E se tem dúvidas sobre a minha história, só precisa de saber que hoje, passados cerca de dez anos, só a Comissão do Ambiente, consome em exclusivo água da torneira, medida implementada, em finais de 2017, com a parceria de sustentabilidade de adesão ao consumo da água da torneira promovida pela EPAL em Lisboa. Todas as outras comissões e o plenário da Assembleia da República continuam a consumir água engarrafada, como se nada tivesse sido deliberado. O Planeta, no Parlamento, parece não existir.
Couto dos Santos, deputado do PSD e Presidente do Conselho de Administração da Assembleia da República, em 2011, representa bem a falta de sensibilidade e estupidez ambiental de alguns dos nossos políticos: “É um absurdo populista que até custa a acreditar que venha de deputados”, referindo-se à proposta de implementar o consumo da água da torneira no parlamento. “Se isso é a resolução dos problemas do país? Temos tanto para nos ocupar.”
Temos tanto para nos ocupar que alguns de nós se esqueceram de tratar da nossa casa, do nosso Planeta. Salvar o Planeta tem que passar a ser uma prioridade de todos.
Questiono-me hoje se seria também este o “pântano” a que António Guterres (hoje Secretário Geral da ONU, por mérito próprio, e um dos principais defensores do nosso planeta) se referiu quando abandonou, em 2001, as funções de Primeiro-Ministro de Portugal. É que o “pântano” está na falta de valores, na falta de princípios e na falta de ética. Está na forma em como nos comportamos e em como vivemos!
Hoje tenho uma certeza: António Guterres, Marcelo Rebelo de Sousa, António Costa, eu e 87,5% da população portuguesa bebem água da torneira, porque é a melhor, a mais segura, a mais barata e a mais amiga do ambiente.
Afinal, quem é que encontra, nos dias de hoje, uma razão válida para pedir água engarrafada?
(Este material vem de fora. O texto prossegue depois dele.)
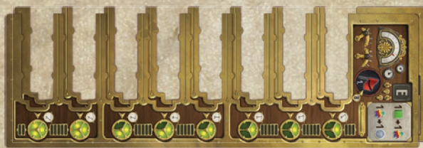
2 NEW EXPERIMENT BOARDS (E AND F)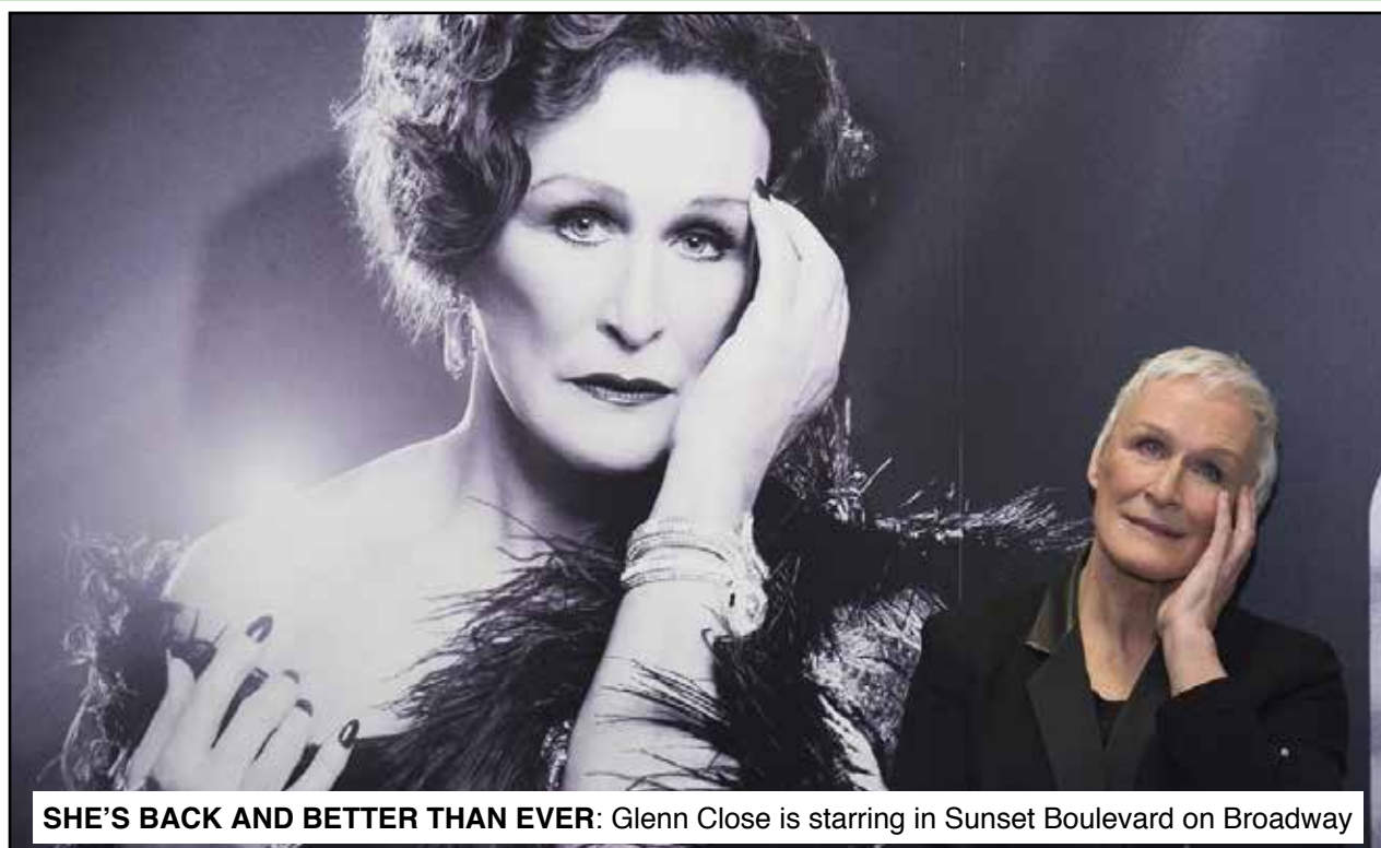
SHE'S BACK AND BETTER THAN EVER: Glenn Close is starring in Sunset Boulevard on Broadway

After a couple of days back in the City of Angels I'm suffering from some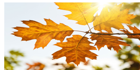
The trees are about to show us how lovely it is to let things go.

If you have some free time to spare, and would like to find out more about this volunteering opportunity, you can apply online at www.victimsupportni.co.uk or contact their Belfast Hub on 028 9024 3133 for more information on the roles.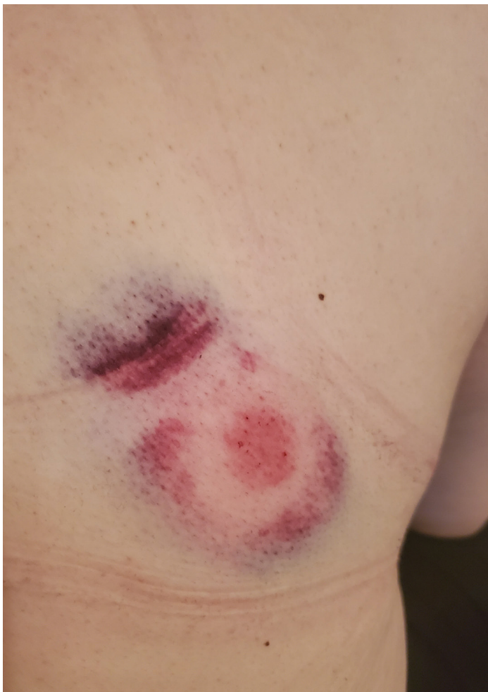
July 16, 2020. A medic was shot in the back with a rubber bullet while aiding a protester.

Eight ReportHatePDX accounts included details of what we call serious physical injury. These are injuries for which many people seek medical attention. These include twitching and mental impairment for hours after exposure to gas; witnessing a person needing to be taken by ambulance; a deaf protester losing track of their interpreter and becoming extremely dizzy to the point of needing help walking; being unable to work for two days after exposure to gas; rubber bullet to the knee joint; a rubber bullet wound becoming infected and requiring antibiotics; a laceration and probable concussion after being shot in the scalp with a plastic covered metal ball bearing; and a broken arm.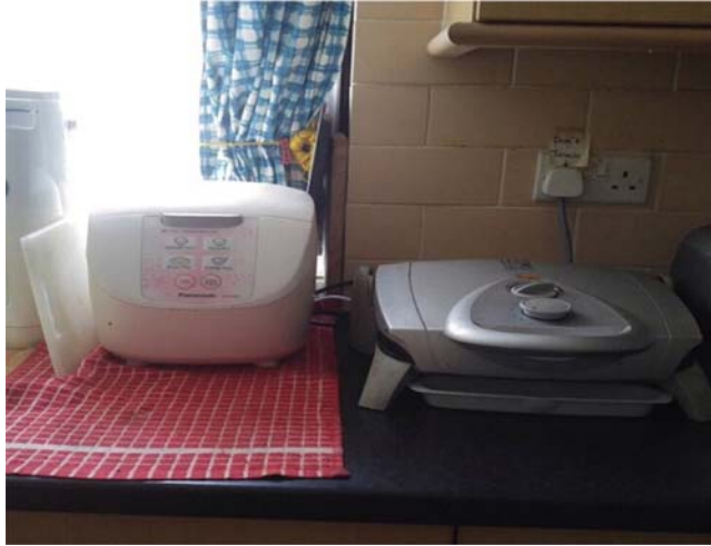
Plate A2. Farid's house has got rice cooker and grilled machine next to each other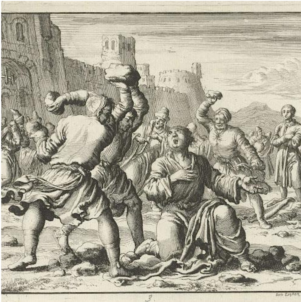
The stoning of Stephen

All enemies of light will be bound in short order, and these will lose their freedoms forever, for endless ages.

Só nos locais onde não nos é dado acesso à água da torneira! É por isso que é determinante apostar numa rede de bebedouros públicos de âmbito municipal, regional e nacional. Nos jardins, nas praias, nas empresas, nos ginásios, nas repartições públicas, nas escolas, nos hospitais, em todos os eventos ou festas de concentração massiva de pessoas num só local, em todo o lado. E já agora, também na Assembleia da República, que é um bocadinho da nossa casa. Defender o nosso Planeta e o interesse público são desígnios imprescindíveis num político que se preze.